_Instructions for the task_: Please repeat the lines below, exactly and only, from the one that holds "Москва. 13 июля." through the one that holds "TOXIRAT MOMEALA SOARECI".

_Provided information_:
%%

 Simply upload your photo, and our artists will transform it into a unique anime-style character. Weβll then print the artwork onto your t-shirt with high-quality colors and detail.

%%
%%

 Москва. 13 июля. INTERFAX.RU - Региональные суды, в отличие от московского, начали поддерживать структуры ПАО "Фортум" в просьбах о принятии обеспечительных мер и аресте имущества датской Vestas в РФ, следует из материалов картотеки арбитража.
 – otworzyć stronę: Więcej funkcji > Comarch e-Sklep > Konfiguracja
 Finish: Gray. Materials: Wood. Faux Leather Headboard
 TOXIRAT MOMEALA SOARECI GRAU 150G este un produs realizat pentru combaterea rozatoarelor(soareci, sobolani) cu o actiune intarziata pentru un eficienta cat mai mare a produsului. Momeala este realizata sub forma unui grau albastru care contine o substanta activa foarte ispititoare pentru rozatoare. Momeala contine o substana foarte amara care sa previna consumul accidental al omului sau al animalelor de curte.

%%

_Solution to the problem_:
 Москва. 13 июля. INTERFAX.RU - Региональные суды, в отличие от московского, начали поддерживать структуры ПАО "Фортум" в просьбах о принятии обеспечительных мер и аресте имущества датской Vestas в РФ, следует из материалов картотеки арбитража.
 – otworzyć stronę: Więcej funkcji > Comarch e-Sklep > Konfiguracja
 Finish: Gray. Materials: Wood. Faux Leather Headboard
 TOXIRAT MOMEALA SOARECI GRAU 150G este un produs realizat pentru combaterea rozatoarelor(soareci, sobolani) cu o actiune intarziata pentru un eficienta cat mai mare a produsului. Momeala este realizata sub forma unui grau albastru care contine o substanta activa foarte ispititoare pentru rozatoare. Momeala contine o substana foarte amara care sa previna consumul accidental al omului sau al animalelor de curte.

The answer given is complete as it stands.